Excerpts from a dataset:
···
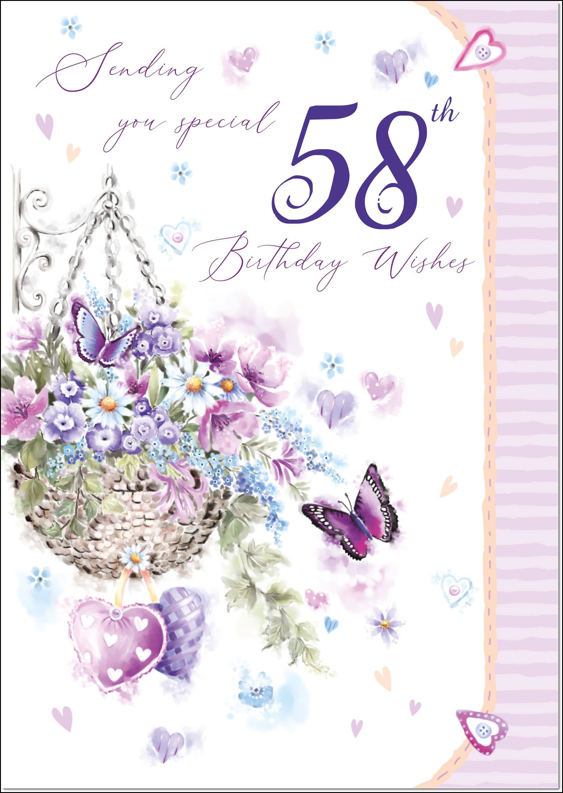 58th Birthday Card Age 58 for Her Purple Hanging Basket
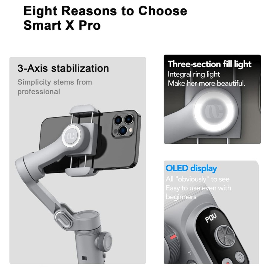 AOCHUAN Smart X PRO Stabilizer 3-AXIS Gimbal Smartphone Whit APP,Light
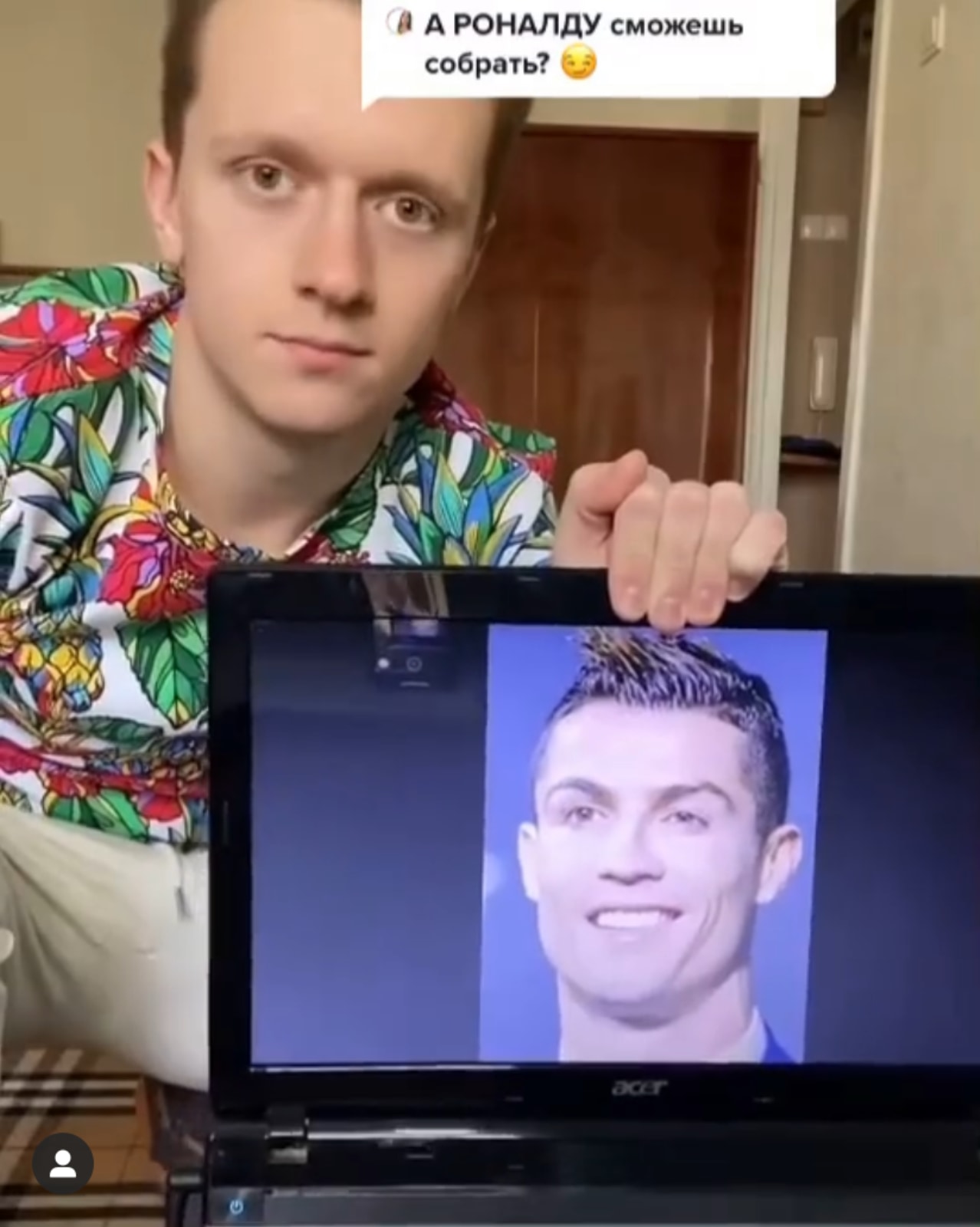 現れたのは、最初に見せたC・ロナウド選手の写真をモデルにしたピクセルアート作品。見てお分かりの通り、ルービックキューブの色や柄を組み合わせることで輪郭や顔のパーツを見事に表現しているんです。
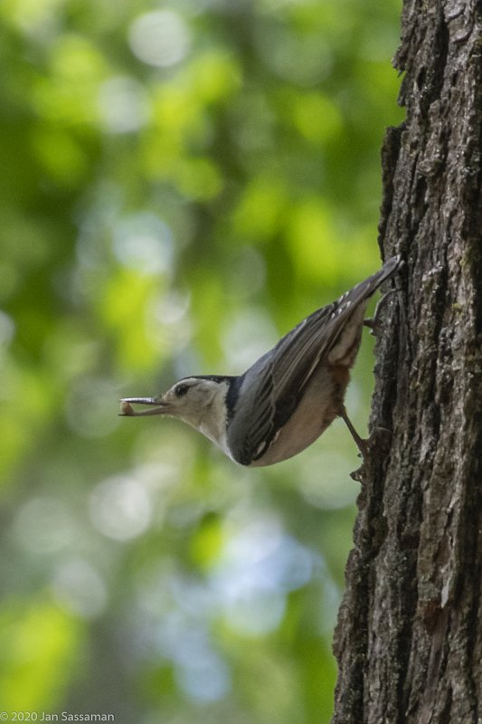 The are small but loud birds that actively forage for seeds, jumping about from limb to the side of the tree. The name "Nuthatch" comes from their behavior of jamming a large nut into tree back and then whacking the nut with their beak to release (hatch) the seed in the nut.
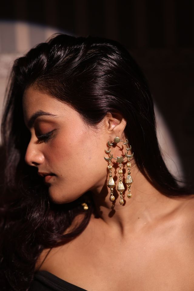 Celestial Rhythm Brass Chandelier Earrings Fashionable Statement Accessory
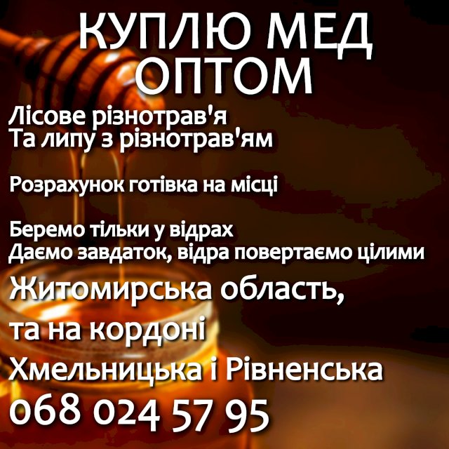 КУПУЄМО МЕД ОПТОМ Мед Липа з різнотрав'ям Мед Лісове різнотрав'я Житомирщина, та на кордоні Хмельницька і Рівненська області. Розрахунок готівка на місці. Беремо тільки у відрах. Даємо завдаток, відра повертаємо цілими. Пишіть у вайбер або телефонуйте 068 024 57 95
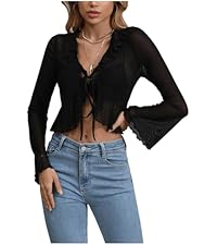 Sheer Mesh Bell Ruffle Top Mock Neck Solid T Shirt Long Sleeve Collar Blouses Sheer V Neck T Shirt Square Neck Ruched Blouse Tops Mock Neck Long Sleeve Tee Ruffle Large Doll Collar Shirt
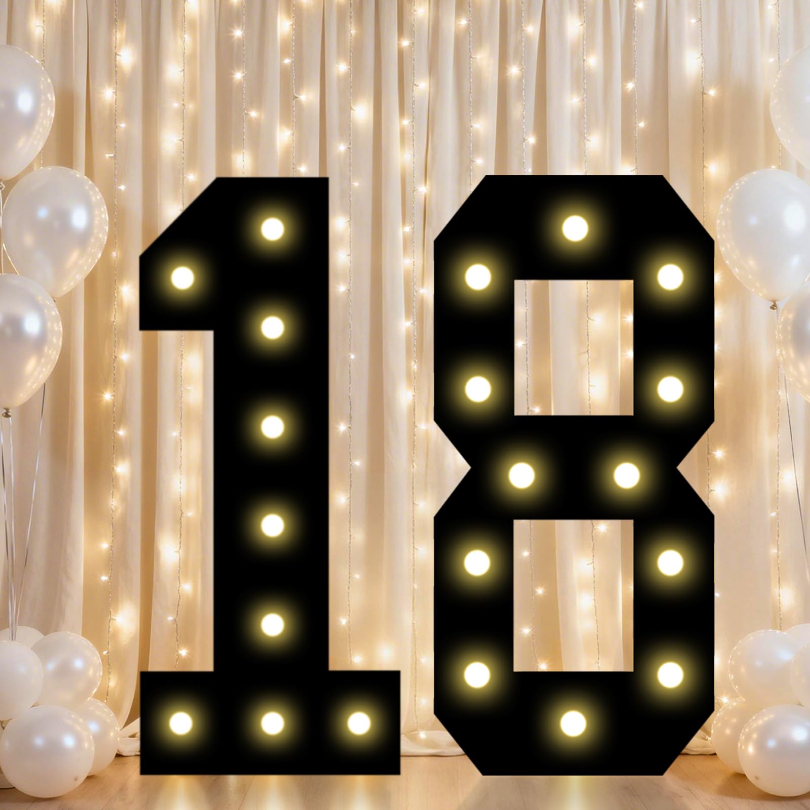 Giant Black 2.4 Feet Marquee Numbers with LED Lights: Mosaic numbers designed with warm white LED string lights. Giant LED numbers can be powered by 3 AA batteries (Not Included), convenient for all kinds of party decoration
···
* _WHAT THE TASK ASKS_
When you retype the data above, match every line exactly and leave the pictures behind.

* _PROBLEM SOLUTION_
 58th Birthday Card Age 58 for Her Purple Hanging Basket
 AOCHUAN Smart X PRO Stabilizer 3-AXIS Gimbal Smartphone Whit APP,Light
 現れたのは、最初に見せたC・ロナウド選手の写真をモデルにしたピクセルアート作品。見てお分かりの通り、ルービックキューブの色や柄を組み合わせることで輪郭や顔のパーツを見事に表現しているんです。
 The are small but loud birds that actively forage for seeds, jumping about from limb to the side of the tree. The name "Nuthatch" comes from their behavior of jamming a large nut into tree back and then whacking the nut with their beak to release (hatch) the seed in the nut.
 Celestial Rhythm Brass Chandelier Earrings Fashionable Statement Accessory
 КУПУЄМО МЕД ОПТОМ Мед Липа з різнотрав'ям Мед Лісове різнотрав'я Житомирщина, та на кордоні Хмельницька і Рівненська області. Розрахунок готівка на місці. Беремо тільки у відрах. Даємо завдаток, відра повертаємо цілими. Пишіть у вайбер або телефонуйте 068 024 57 95
 Sheer Mesh Bell Ruffle Top Mock Neck Solid T Shirt Long Sleeve Collar Blouses Sheer V Neck T Shirt Square Neck Ruched Blouse Tops Mock Neck Long Sleeve Tee Ruffle Large Doll Collar Shirt
 Giant Black 2.4 Feet Marquee Numbers with LED Lights: Mosaic numbers designed with warm white LED string lights. Giant LED numbers can be powered by 3 AA batteries (Not Included), convenient for all kinds of party decoration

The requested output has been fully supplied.